二人でエレベーターに乗り込み、部屋の鍵を開けるとなんの躊躇いも無く颯爽と入ってきた貴利矢。
Aが家に入ってすぐに外から一発の爆発音が響いた。
「あっ、始まっちゃう!」
Aは急いで西側の窓のカーテンを開けると、ソファの上のクッションを1つ貴利矢に放り投げた。
「うぉっ!おま、雑!」
「ごめーん(笑)」
Aは背中を向けながら貴利矢にそう言うと、麦茶が入ったコップを2つ持って来た。
「どーぞっ」
「どーもっ」
それから程無くして、夜空に咲き始めたいくつもの色とりどりの花火。
窓枠いっぱいに埋め尽くされる、鮮やかな閃光に二人の顔が照らされる。
「なんかこーゆー見方もいいね。面白い」
「ほんと?良かったぁ」
隣街の公園で行われる祭りの、締めくくりとして打ち上げられる花火。
どこぞの花火大会に比べたら、ほんの数分間だし、スケールだって小さいのに…
こんなにも楽しく感じるのはきっと“ 君 ”がいてくれるから。
「あ!今のハートだよね!?」
「逆さまのな(笑)」
「…お尻じゃん(笑)」
「こら、そーゆー事言わないのっ(笑)」
お酒も入ってないのに、それだけでけらけらと笑い合う二人。
まさに童心に返るという表現がぴったりだ。
25歳のくせに…なんてそれすらもお互い様で。
笑いが止んだ後は、二人とも残り僅かな花火を名残惜しむように夢中で見ていた。
そんな中でAはバレないように、食い入るように花火を見つめる貴利矢をちらりと盗み見る。
おおっ、とかうわぁ、とか時々小さな声をもらしながらも楽しそうに笑う横顔に、大きな安心感を抱いた。
淳吾君との一件があってから、ふとした時の貴利矢の表情に、ずっと翳りが消えないことに危機感を持っていたA。

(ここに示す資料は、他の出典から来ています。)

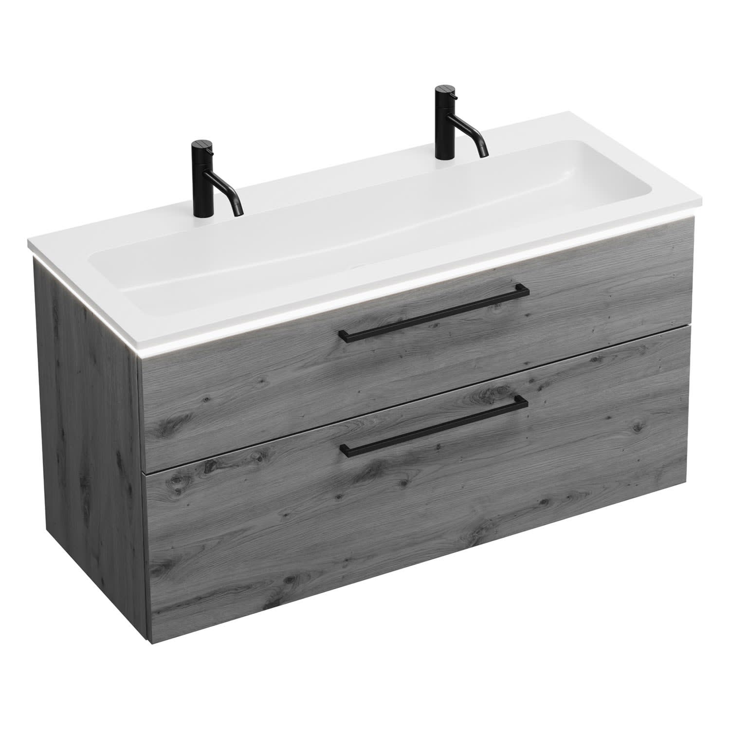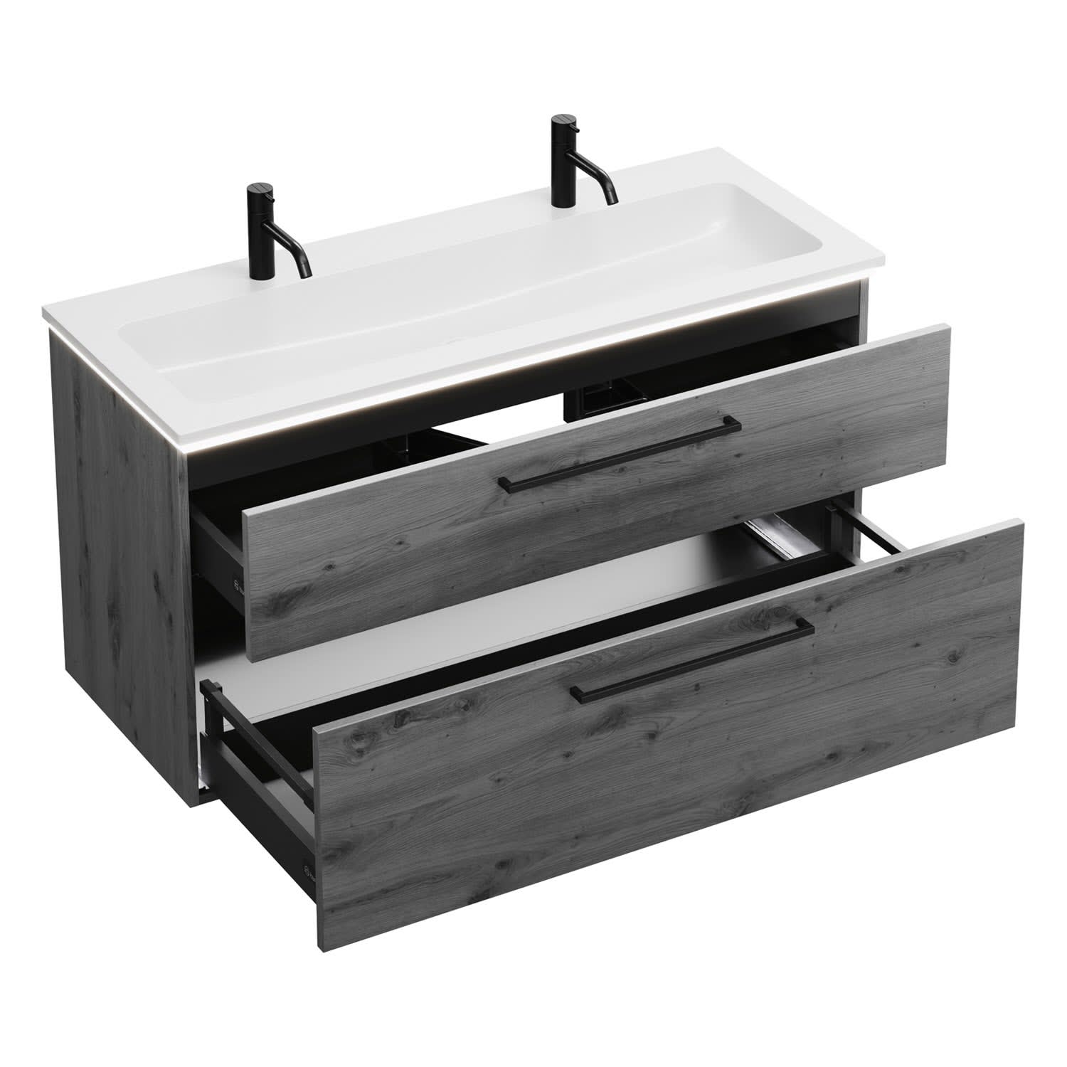 burgbad Eqio Waschtischkombination mit Mineralguss-Waschtisch und LED-Beleuchtung, 122 cm, mit Stangengriff G0234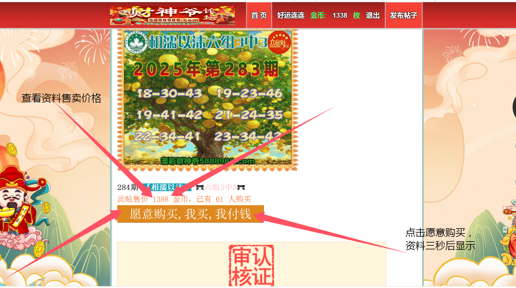 澳彩财神爷担保:凡购买本论坛同一条资料连错三期可联系管理员核实申请补一期金币!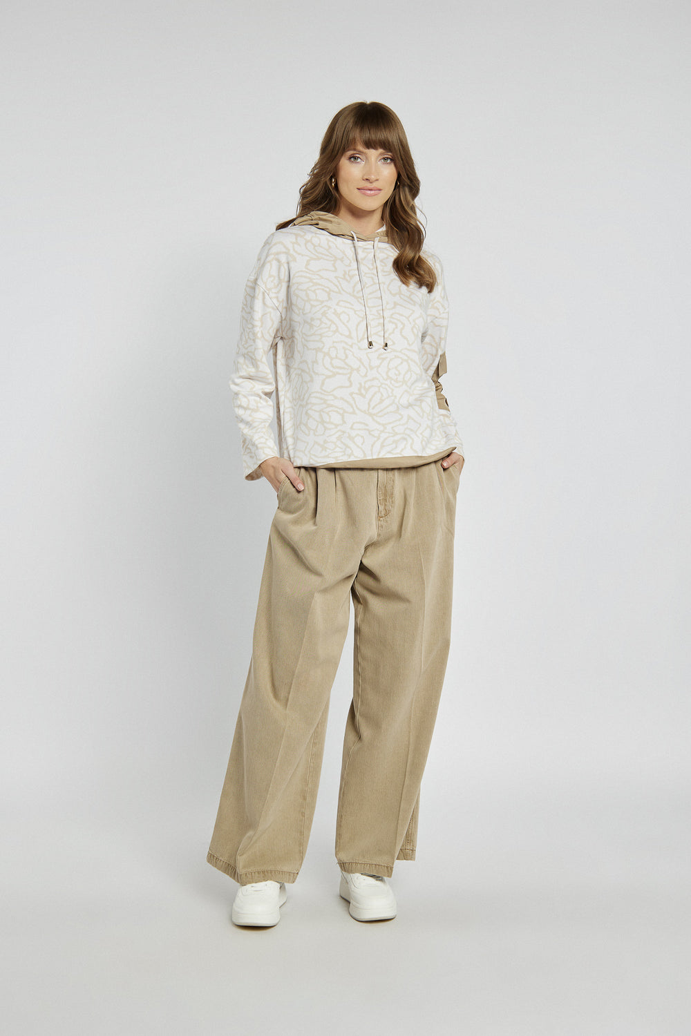 Spodnie o szerokim kroju, z niskim krokiem, w kolorze kremowym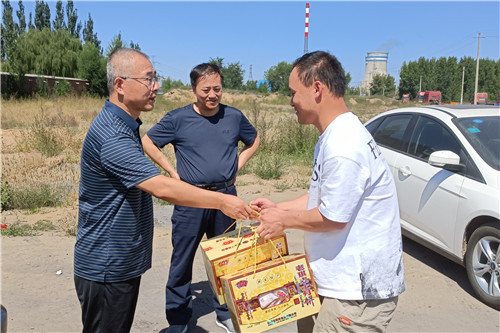 ??? 李新勝一行為一線職工送去了月餅等慰問品,帶去了中秋的問候和祝福。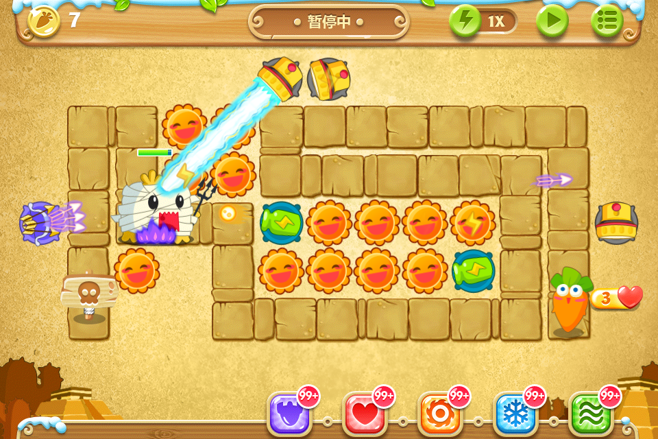 虽然萝卜只有3条命,过关还是没什么难度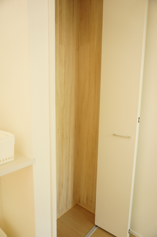 勝手口付近にも十分なスペースがとってあり、勝手口の向かいには縦長の収納庫があります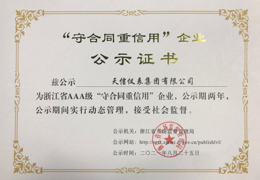 浙江省AAA级“守合同重信用”企业证书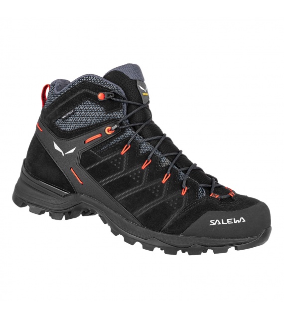 De Salewa Alp Mate Mid WP voor heren zijn robuuste en duurzame wandelschoenen. Het bovenwerk is gemaakt van hoogwaardig suède met een waterdicht membraan. Voor extra ademend vermogen is de tong en enkelgebied gemaakt van stevig mesh. Een rubberen neuskap en hielstabilisator bieden bescherming en stabiliteit aan uw voeten. Ze zijn uitgerust met het gepatenteerde Salewa 3F® systeem, dat de wreef verbindt met de achterkant van de schoen, wat zorgt voor meer enkelsteun en hielondersteuning. Het vetersysteem tot aan de tenen verbetert de pasvorm van de schoen aan de voet, vooral in het voorste gedeelte, en maakt zeer fijne en precieze teenwerk mogelijk in technisch terrein. De zachte EVA tussenzool biedt uitstekende demping bij het landen op harde of oneffen terreinen. De specifieke Pomoca® buitenzool zorgt vervolgens voor goede grip en tractie op en naast het wandelpad.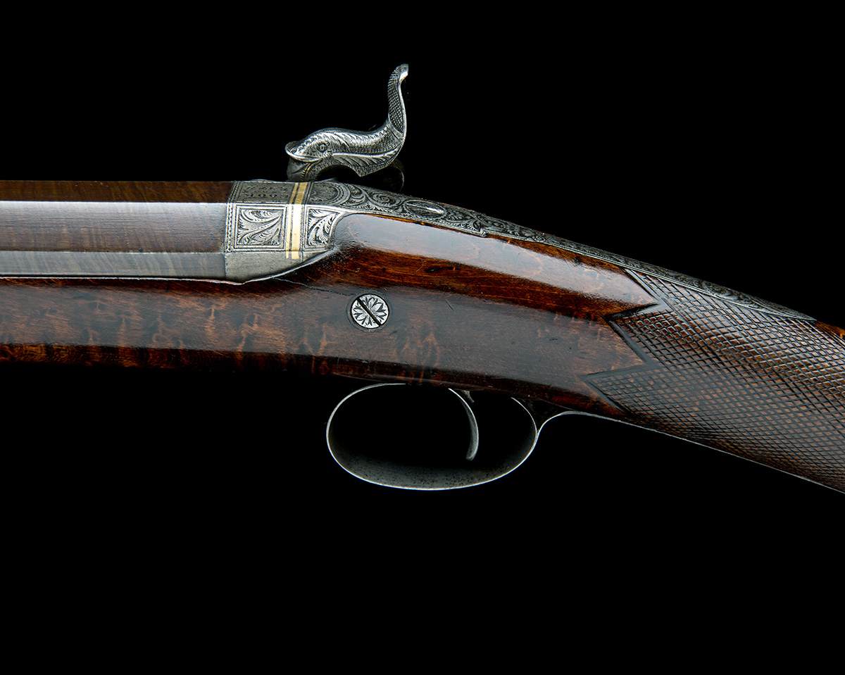 circa 1840, with rebrowned octagonal to sixteen-sided to round 32in. barrel banded at the intersection, small bead fore-sight, the colour hardened breech-block engraved and signed 'COOK, BATH' and with gold band, carved snail with gold vented plug, border and scroll engraved long top-tang, border and scroll engraved back-action lock signed 'COOK, BATH', en-suite hammer with dolphin head, birdseye maple half-stock chequered at the wrist, engraved iron furniture, white metal fore-end tip and brass mounted ebony ramrod, complete in its manufacturer's walnut case compartmented and lined in green baize, small parchment trade label inside lid and containing two flasks and three wad punches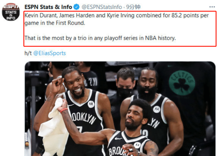 据美媒统计,三巨头在首轮的进攻火力历史第一,杜兰特和哈登,欧文三人合计能砍下85分,而杜兰特一人贡献32.6分,投篮命中率56.5%,三分球命中率50%,罚球命中率91.5%。死神杜又来了,加上哈登和欧文这两大得分手,还有谁能阻止篮网?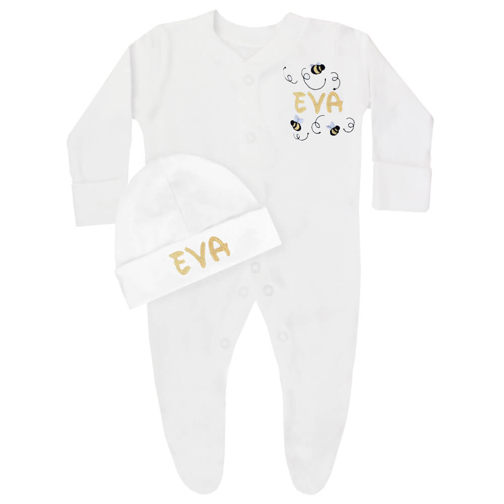 Personalised Gold Embroidered Baby Sleepsuit and Hat. This tiny sleepsuit and hat set is ideal for babies up to 6lb, offering a snug fit for precious little ones. The adorable gold bumble bee embroidery adds a touch of charm to this special gift, making it a delightful keepsake for new parents. This set is not only practical but also a thoughtful gesture for parents welcoming their little one, providing both style and comfort for the tiniest of bundles of joy.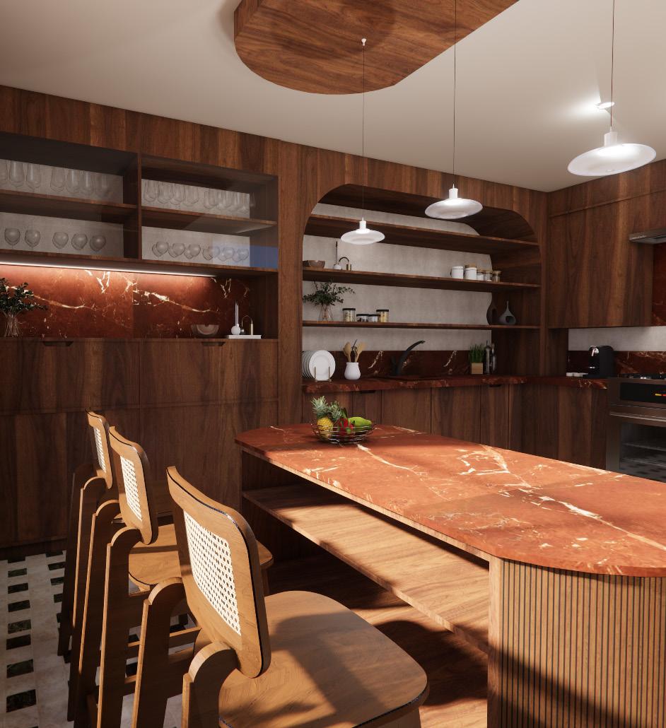 This project focuses on the design of a functional yet aesthetically refined kitchen, drawing inspiration from the Mid-Century style. The space is thoughtfully curated to balance practicality and elegance, integrating organic forms, natural materials, and a warm, earthy palette. The design prioritizes efficient spatial flow, ensuring a seamless user experience while maintaining a visually striking composition.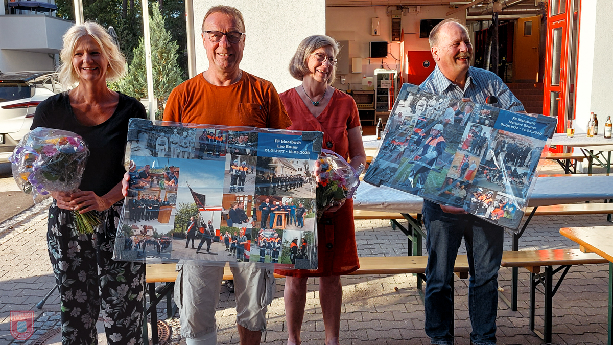 Leo Bauer gehörte der Wehr vom 01.01.1977 bis zum 18.05.2023 und Norbert Bogner sen. vom 01.05.1972 bis zum 14.04.2020 an, dessen Verabschiedung durch Corona nicht eher möglich war. Beide trugen nicht nur durch ihre zahlreichen Ämter innerhalb der Wehr, sondern vor Allem durch ihre liebenswerte, kameradschaftliche und stets hilfsbereite Art in besonderem Maße zur Kameradschaft und zur Leistungsfähigkeit der Freiwilligen Feuerwehr Moosbach bei.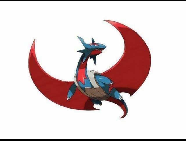 (血翼飞龙的Mega石装在它的外壳缝隙里)随着两道光链接,血翼飞龙Mega进化了。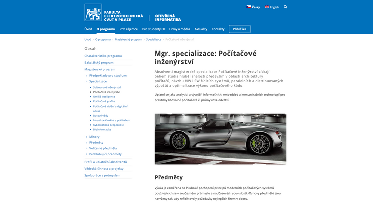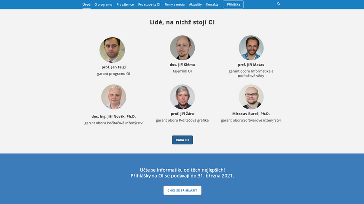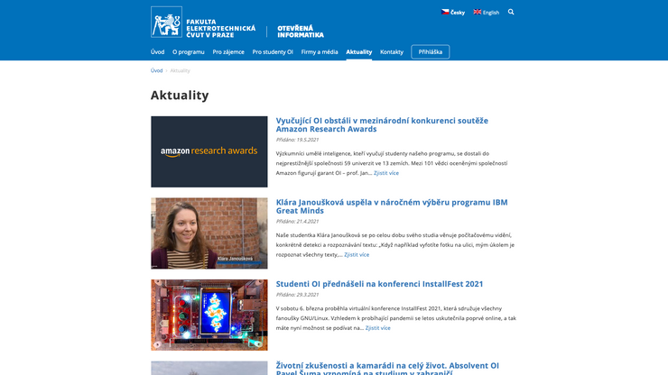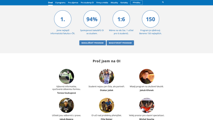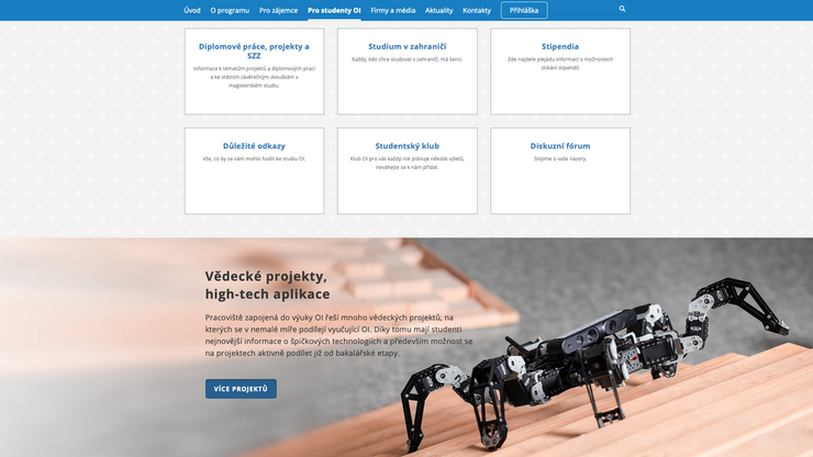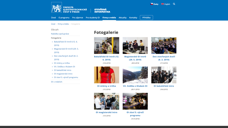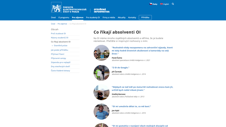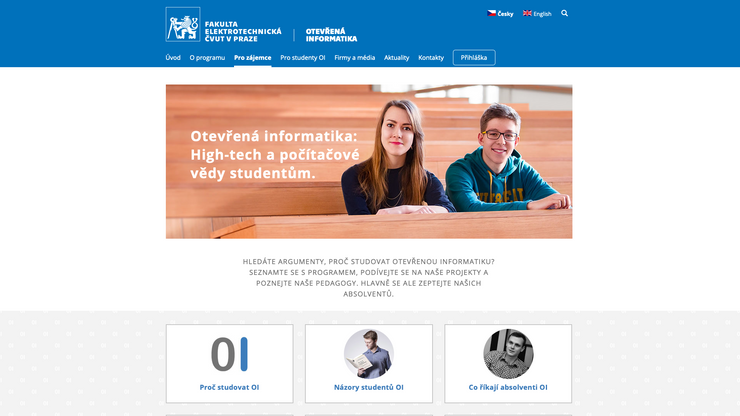 ČVUT, Fakulta elektrotechnická, prezentace programu Otevřená informatika. Obsáhlý informativní web pro stávající studenty a pro nové zájemce o studium.

今でもずっと自分を責め続けているのだろうけど、こういう時には自然と楽しそうに笑ってくれている。
…今は、それだけでいいよね。
Aは心の中でそう唱えると、目線を花火に戻した。
ラストスパートのような連続した花火から、最後に大きな錦冠が3発打ち上げられ、フィナーレを飾った。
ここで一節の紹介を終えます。